Moreover, to minimize the risk of vertebro-basilar insufficiency and paraplegia, we chose not to cover the patient's left subclavian artery, even if it would have ensured a better and longer proximal landing site. Young patients, in fact, are at risk of left arm claudication, even though it has been shown that covering of the left subclavian artery can be performed without significant morbidity.
Natural history of stent-graft collapse is not fully understood; for this reason, all cases that are reported in literature were treated as soon as they were detected. To our knowledge, this report is the first case of delayed repair of graft collapse; the delay was due to the comorbid conditions and the need to establish hemodynamic stability. Moreover the patient didn't show any signs of visceral nor critical lower limb ischemia, so we opted for a strict surveillance until general condition could have improved and any new intervention could have been performed.

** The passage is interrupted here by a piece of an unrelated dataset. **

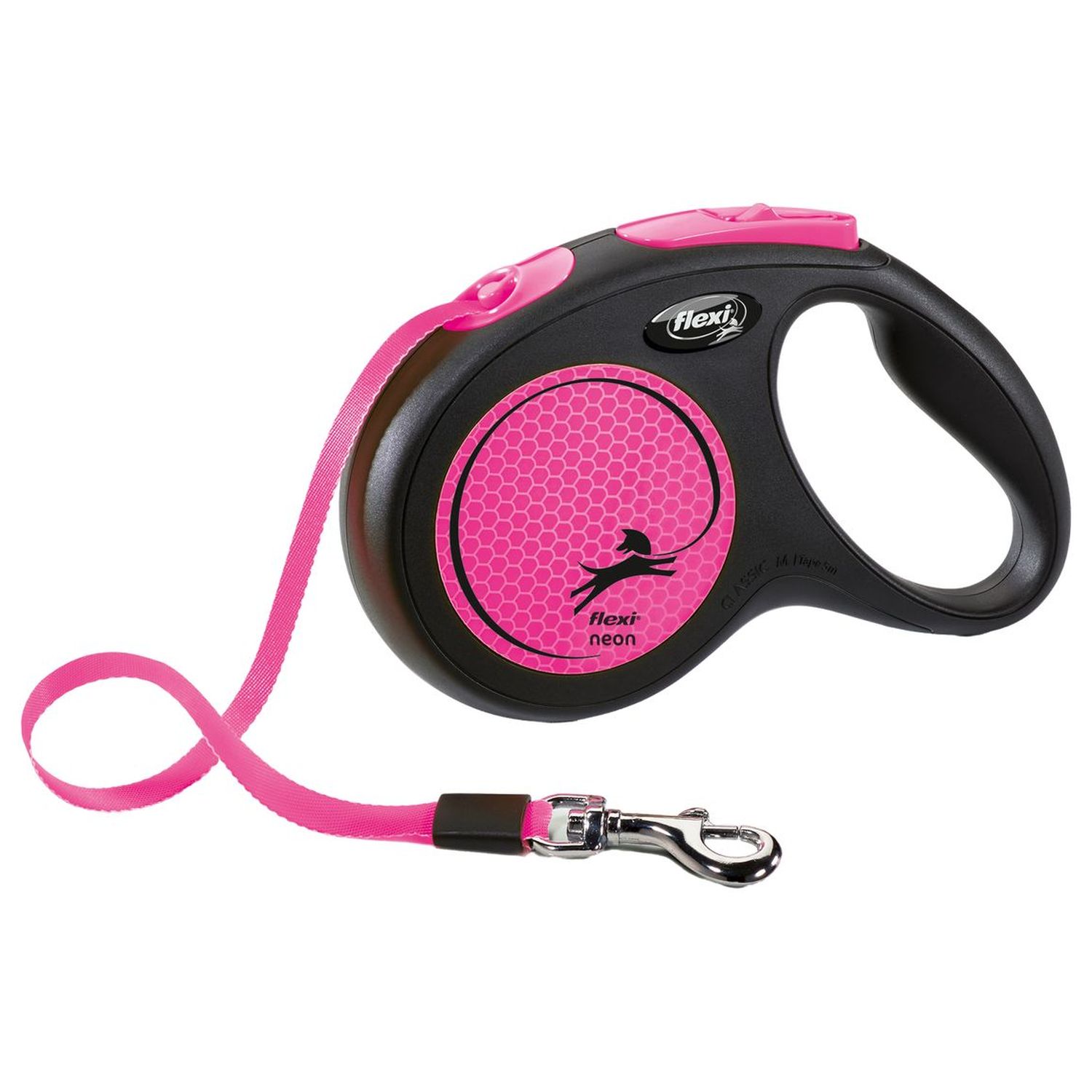 flexi рулетка Neon New M (до 25 кг) лента 5 м, светоотражающая,розовый неон

Unfortunately, when general conditions had improved enough to allow of a reintervention, the patient refused any new treatment. We feared the occurrence of lethal complications, such as visceral ischemia, and the impossibility to perform the future correction through endovascular approach: we aimed to avoid a thoracotomy in a patient who was recovering from rib fractures, pneumo-hemothorax and lung contusion.
Four months later, symptoms had become disabling, so the patient decided to undergo the reintervention; correction of the lesion was then performed using an additional endoprosthesis plus a bare stent deployed inside the collapsed graft, slightly proximally, with good clinical and technical results. We didn't use a single stent or a single endograft because we wanted to ensure a better proximal landing zone leaving the left subclavian artery still patent.

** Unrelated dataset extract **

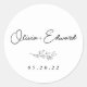 Custom-designed wedding stickers/labels featuring modern simple black and white foliage design.

Discussion is still open about the best treatment of this kind of complications, especially in young patients. Nobody knows the potential risk of aortoesophageal fistula.
In conclusion, TEVAR has significantly improved the treatment of thoracic aortic rupture. Graft collapse is a rare event, which should be detected and treated as soon as possible. Delayed correction of this complication can be lethal due to the risk of visceral ischemia and limbs loss.
Further technical modifications of devices are necessary in order to minimize complications and improve clinical outcomes.
Written informed consent was obtained from the patient for publication of this case report and accompanying images. A copy of the written consent is available for review by the Editor-in-Chief of this journal.
Our institution approved the report of this case.